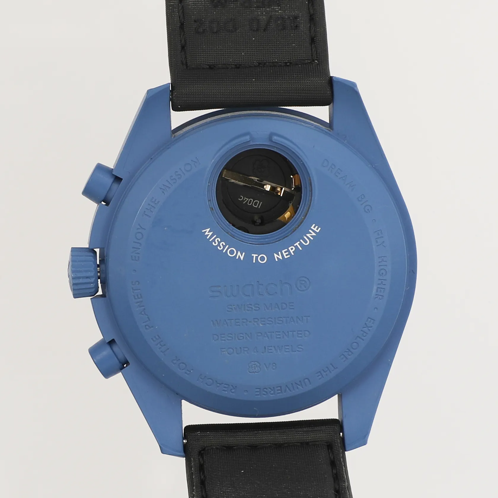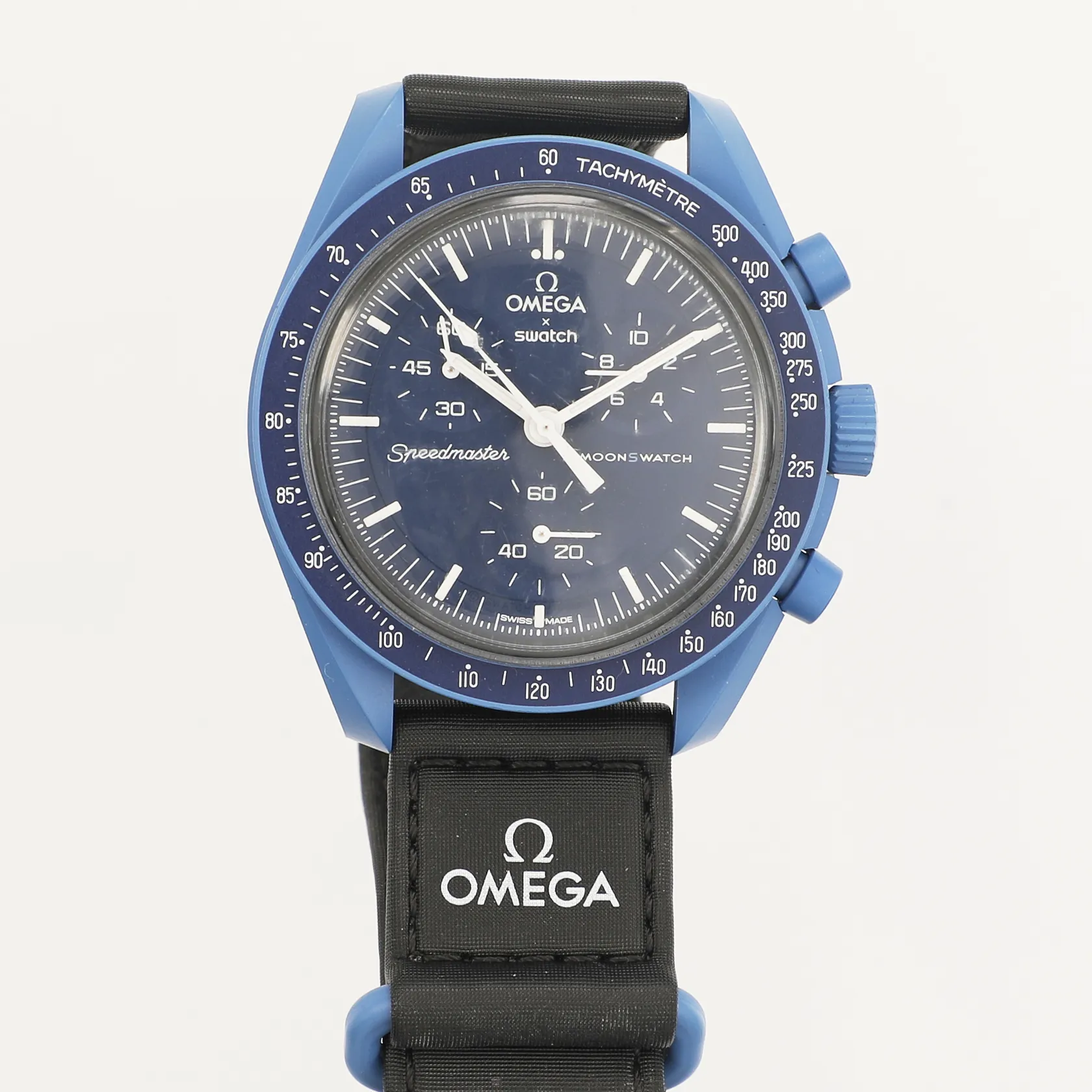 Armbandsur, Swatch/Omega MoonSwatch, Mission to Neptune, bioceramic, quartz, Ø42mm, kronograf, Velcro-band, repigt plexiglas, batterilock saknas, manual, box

--

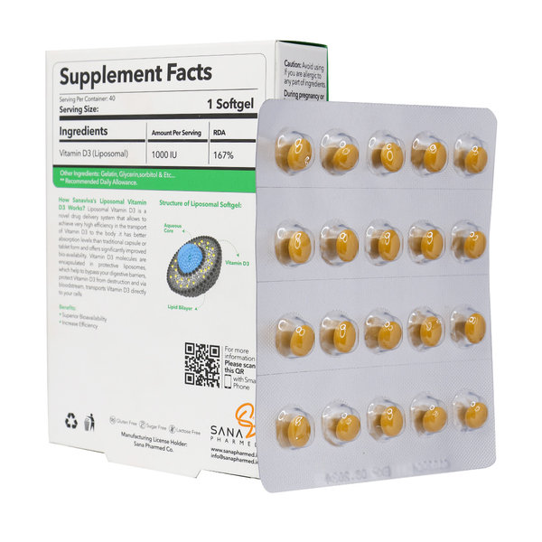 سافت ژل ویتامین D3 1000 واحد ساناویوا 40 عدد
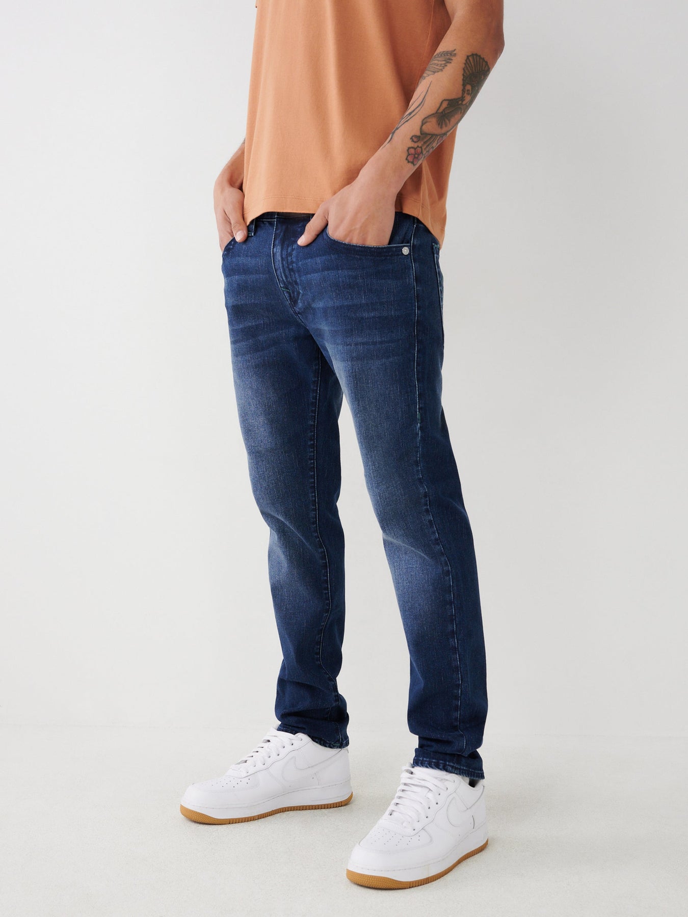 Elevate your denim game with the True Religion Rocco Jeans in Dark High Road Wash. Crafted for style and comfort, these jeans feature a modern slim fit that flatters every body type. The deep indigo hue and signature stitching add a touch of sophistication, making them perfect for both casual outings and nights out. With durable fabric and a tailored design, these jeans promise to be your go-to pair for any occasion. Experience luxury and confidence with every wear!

What you have to do:
Give again, exactly as written above, every line from the one holding "سافت ژل ویتامین D3 1000 واحد ساناویوا 40 عدد" to the one holding "Elevate your denim", with both ends kept and the pictures left out.

Task response:
 سافت ژل ویتامین D3 1000 واحد ساناویوا 40 عدد
 Elevate your denim game with the True Religion Rocco Jeans in Dark High Road Wash. Crafted for style and comfort, these jeans feature a modern slim fit that flatters every body type. The deep indigo hue and signature stitching add a touch of sophistication, making them perfect for both casual outings and nights out. With durable fabric and a tailored design, these jeans promise to be your go-to pair for any occasion. Experience luxury and confidence with every wear!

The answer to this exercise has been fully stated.